● GIVEN INFORMATION:
____________
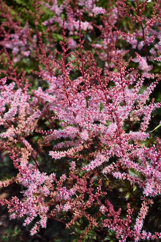 Striking apricot-pink colored plumes rising above glossy leaves; perfect in a shady spot with dappled light; prefers moisture so water regularly for abundant flowers and nice foliage
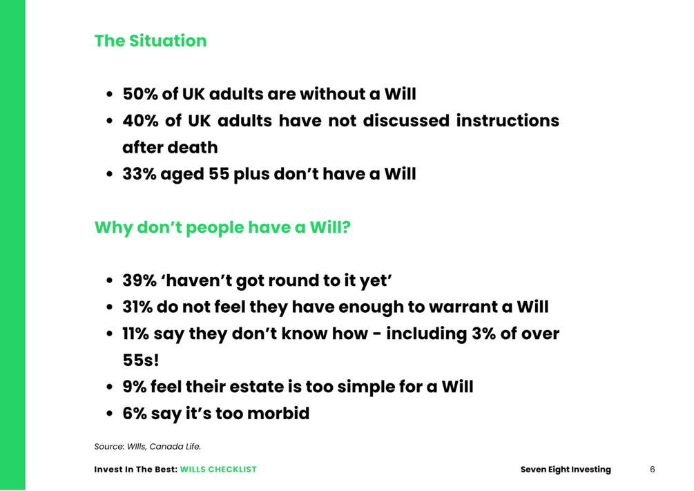 💡The Reason: 39% haven’t got round to it yet, 31% do not feel they have enough to warrant a Will, 11% say they don’t know how.
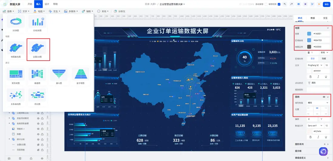 在訂單運輸大屏這一場景中,傳統圖表難以動態呈現物流網絡的流動態勢,因此選用OD圖來直觀展示企業訂單在全國範圍的流動軌跡,讓供應鏈脈絡清晰可辨。首先調整地圖的整體佈局,將圖例設置為上方居中展示,並將地圖背景色設為深藍色,為後續的飛線效果提供清晰的視覺基礎。
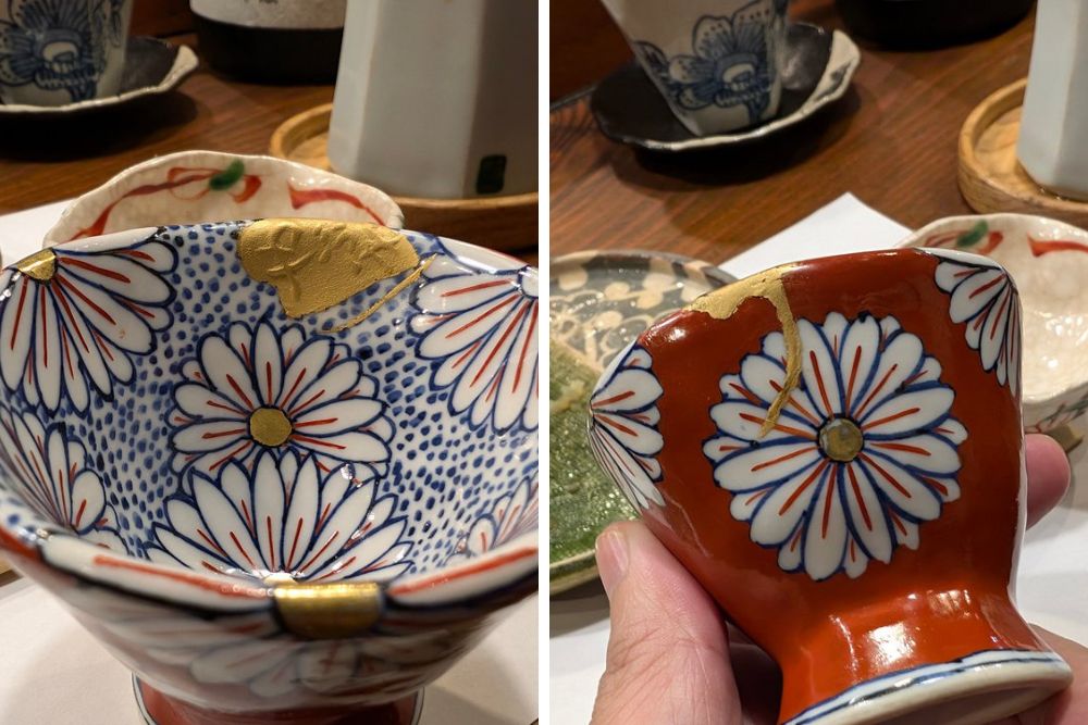 ▲使用金繼填補起來的美濃燒的酒杯,用這個跟老闆娘乾杯,特別好喝(而且還是老闆娘請的酒)
____________
● TASK DESCRIPTION: Set the listing down exactly, without its pictures.

● EXERCISE OUTPUT:
 Striking apricot-pink colored plumes rising above glossy leaves; perfect in a shady spot with dappled light; prefers moisture so water regularly for abundant flowers and nice foliage
 💡The Reason: 39% haven’t got round to it yet, 31% do not feel they have enough to warrant a Will, 11% say they don’t know how.
 在訂單運輸大屏這一場景中,傳統圖表難以動態呈現物流網絡的流動態勢,因此選用OD圖來直觀展示企業訂單在全國範圍的流動軌跡,讓供應鏈脈絡清晰可辨。首先調整地圖的整體佈局,將圖例設置為上方居中展示,並將地圖背景色設為深藍色,為後續的飛線效果提供清晰的視覺基礎。
 ▲使用金繼填補起來的美濃燒的酒杯,用這個跟老闆娘乾杯,特別好喝(而且還是老闆娘請的酒)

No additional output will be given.